This article provides a guide to staking DYDX tokens on the dYdX Chain, from understanding the basics of staking to managing and optimizing your positions.

The Importance of Staking on dYdX Chain

Staking in the context of blockchain technology involves holding funds in a cryptocurrency wallet to support the operations of a blockchain network and receive rewards. In many Proof of Stake (PoS) mechanisms, staking contributes to the network’s security and efficiency. Users stake their tokens to gain the right to participate in managing the network, including voting on protocol changes and validating transactions.

dYdX Chain leverages the Cosmos SDK Staking module which supports a PoS blockchain and enables DYDX holders to become Validators and/or delegate the stake of their DYDX to a dYdX Chain Validator.

For the dYdX Chain, staking is not only a measure to secure the network but also a mechanism to reward stakers. Stakers help to decentralize the Validator set improving the decentralization of the network. In return, they earn staking rewards, which are predominantly derived from the trading fees generated by the platform.

DYDX staking data. Source: Mintscan

dYdX distributes 100% of protocol fees to stakers in USDC instead of the native token. As of today, the protocol has allocated $24.6 million to over 21,000 stakers. According to Mintscan, current APR for staking DYDX sits at 19,45%.

How to Stake DYDX

The process of staking DYDX tokens involves several key steps:

Staking

Staking DYDX tokens on the dYdX Chain is key to secure the network, rewards stakers with USDC staking rewards and enables the community to participate in governance.. This guide will provide you with a clear and concise method to stake your DYDX using the Keplr wallet, which interfaces directly with the dYdX Chain, allowing for both standard and liquid staking options. Staking is also available through Ledger Live, Leap and Anchorage. Over time it’s likely there will be additional staking providers to choose from. 

Keplr is a non-custodial blockchain wallet accessible via a web browser extension or mobile app. It’s specially designed for the Cosmos ecosystem and is enabled by Inter-Blockchain Communication (IBC).

Step-by-Step Procedure

1. Bridge Tokens:

First, make sure your DYDX tokens are on the dYdX Chain by following the bridging from Ethereum to dYdX Chain how to guide.

2. Setup Keplr Wallet:

  • New Users: Install the Keplr wallet extension, create an account, and navigate to the staking dashboard.
  • Existing Users: Import your wallet using a secret phrase and navigate to the staking dashboard.
Keplr staking dashboard. Source: Keplr

Staking:

  • Access the ‘Staking’ section on the Keplr Dashboard.
  • Choose a Validator from the list and decide the amount of DYDX to stake.
  • Confirm the transaction by paying the required gas fee.
Staking DYDX. Source: Keplr

Follow this How-to-Stake guide for further information. 

Liquid Staking Option

You can also opt for liquid staking through platforms like Stride, Quicksilver and pStake Finance, which allows you to stake DYDX and receive liquid staking tokens in return.

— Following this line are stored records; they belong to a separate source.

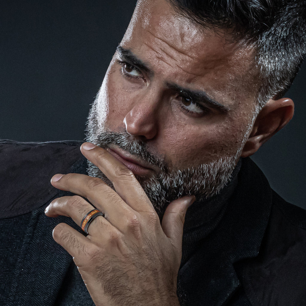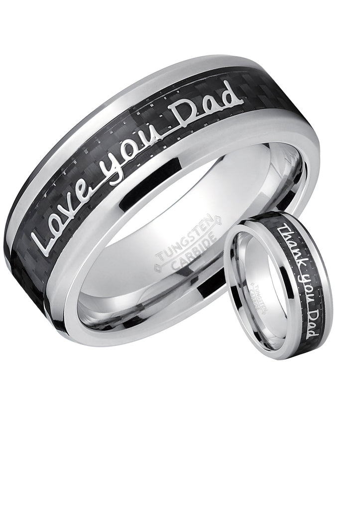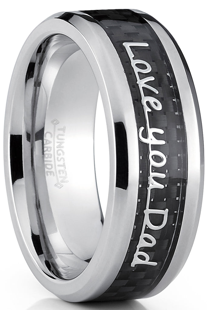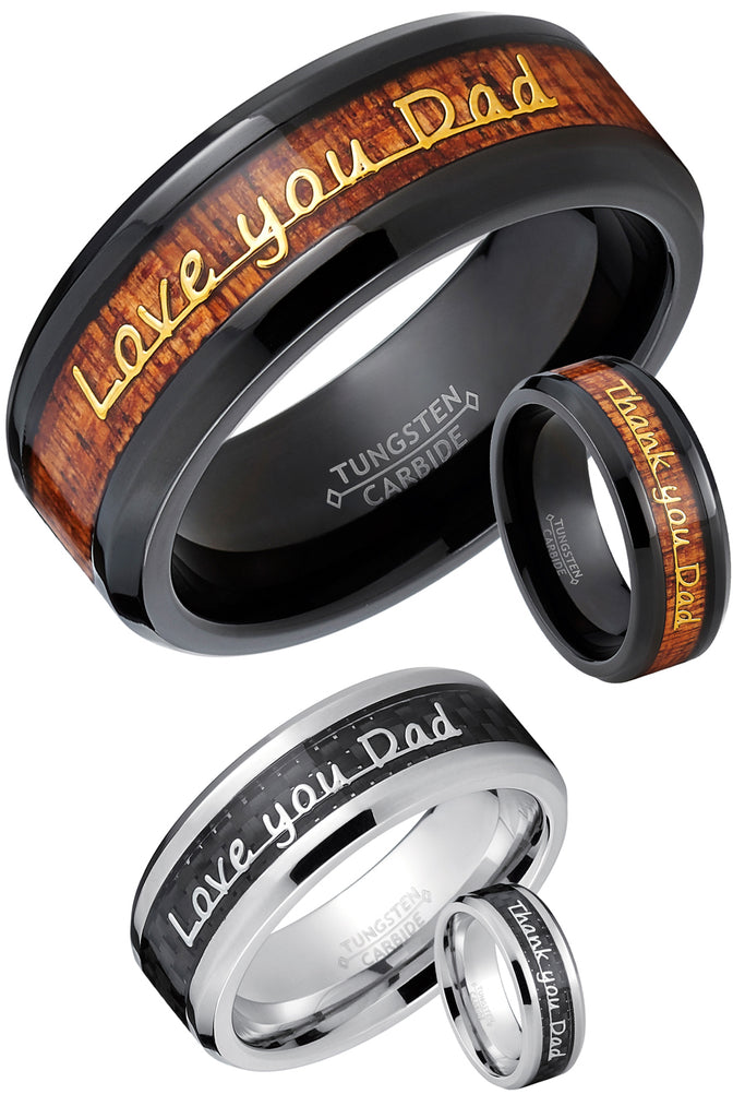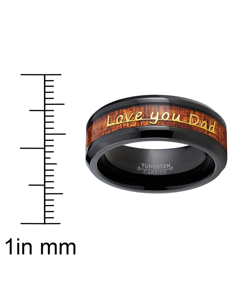 • Center of band is inlaid with carbon fiber/real koa wood and overlaid with "Love you Dad and Thank you Dad" on each side of the ring.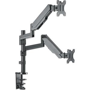 Manhattan 461597 Supporto da Scrivania Doppio Monitor 17-32'' con Molla a Gas - Nero, Supporta Monitor Fino a 8 kg, Compatibile VESA 75x75 e 100x100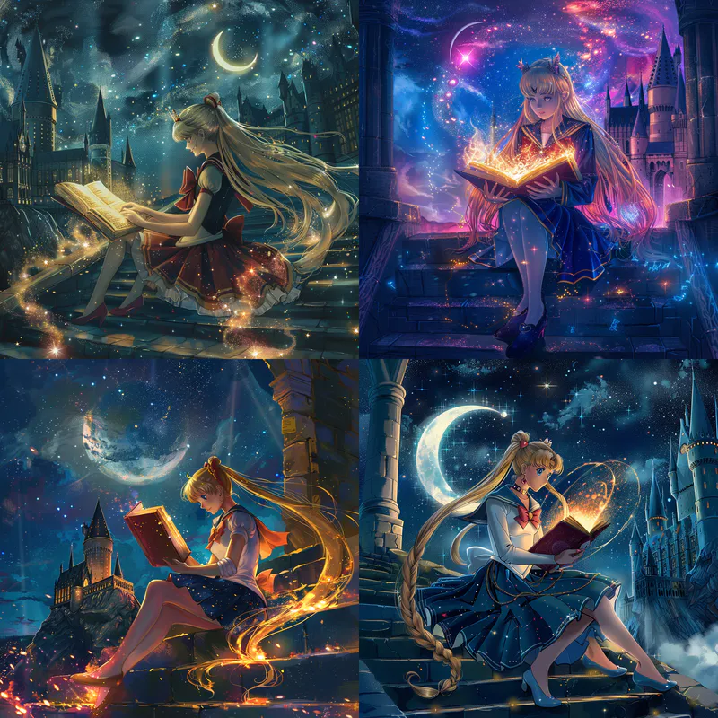 Midjourney Bot 更新时间:2024-05-18 00:04Anime illustrations of Sailor Moon, featuring a sailor Venus, and Minako Aino wearing a Gryffindor wizard robe sitting on the stairs of Hogwarts, holding an open magic book that emits magical light. The background is a castle and night sky, and moonlight shines through the stars and magic book. The bright colors, high-resolution, surreal, and clear focus are depicted in a cinematic lighting style, full of vitality,UHD,ultra-detailed --ar 1:1 --v 6.0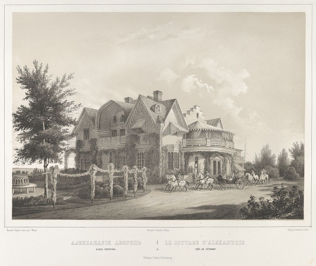 - Title: Le Cottage D'Alexandrie près de Péterof, from "Vues pittoresques des palais & jardins impériaux aux environs de St. Petersbourg"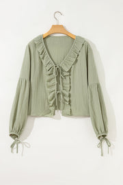 Natalia Bow Tie Front Ruffle Trim Long Sleeve Gauze Blouse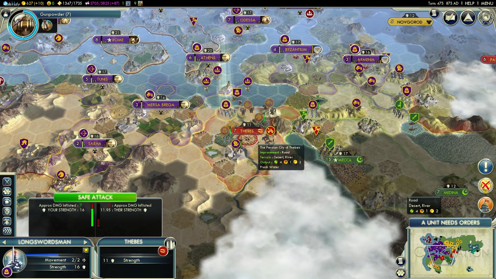 870 AD: The war begins with my Longswordsman assaulting the Persian Pikeman - it is eliminated -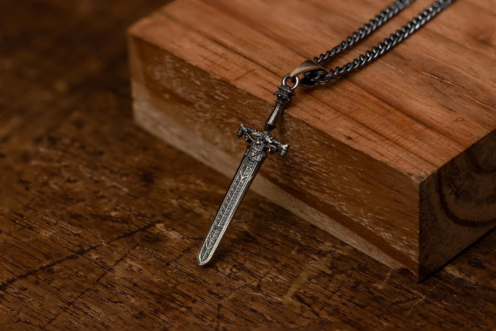 This pendant is inspired by a legendary sword of light and shadow, symbolizing balance between chaos and calm, strength and wisdom. Every detail is carefully handcrafted by skilled artisans to capture the spirit of fantasy and courage.

Staking DYDX is a straightforward process: once your tokens are bridged and your Keplr wallet is set up, you’re ready to jump in. By staking, you not only help secure the network, you receive 100% of protocol fees distributed to dYdX Chain Stakers. Choose your Validator/s wisely to maximize your returns and secure your investment.

Redelegating

Redelegating DYDX tokens allows you to shift your staked tokens from one Validator to another on the dYdX Chain without undergoing an un-bonding period. This guide will walk you through the process of re-delegation using the Keplr wallet, ensuring your tokens remain active and continue earning rewards while switching Validators.

1. Access Validators List:

Log into your Keplr wallet and navigate to the staking section where your current validators are listed.

2. Initiate Redelegation:

  • Click the arrow next to the validator where your DYDX tokens are currently staked.
  • Select “Redelegate” from the options.

3. Select New Validator:

  • Choose a new validator to whom you wish to shift your delegation.
  • Enter the amount of DYDX tokens you want to redelegate and confirm by clicking ‘Redelegate’.
  • Complete the transaction by paying the necessary gas fees on the dYdX Chain

4. Confirmation

After the transaction, check your dashboard to confirm the update to your staked tokens’ allocation.

Re-delegation is a valuable feature that enhances flexibility in staking strategies without sacrificing reward potential. It’s essential to consider the performance and reliability of new Validators Remember, the slashing risk of your tokens will follow the original Validator’s performance until the end of the u-nbonding period.

Unstaking

Unstaking DYDX tokens is a process to remove your tokens from being actively staked to a Validator on the dYdX Chain. This guide provides an overview of the steps to withdraw your stake using the Keplr wallet, detailing the un-bonding period and the management of the tokens post-unstake.

Step-by-Step Procedure

  1. Access Keplr Dashboard:

    Open your Keplr wallet and navigate to the validators to whom you have staked DYDX tokens.
  2. Begin Unstaking:
    • Click on the Validator from whom you wish to remove your stake.
    • Enter the number of DYDX tokens you wish to un-stake and confirm by clicking ‘Undelegate’.
    • Pay the necessary gas fee on the dYdX Chain to process the transaction.
  3. Un-bonding Period:

    Note that your DYDX tokens will enter a 30-day un-bonding period, during which they are not active but still under the slashing risk from the original validator.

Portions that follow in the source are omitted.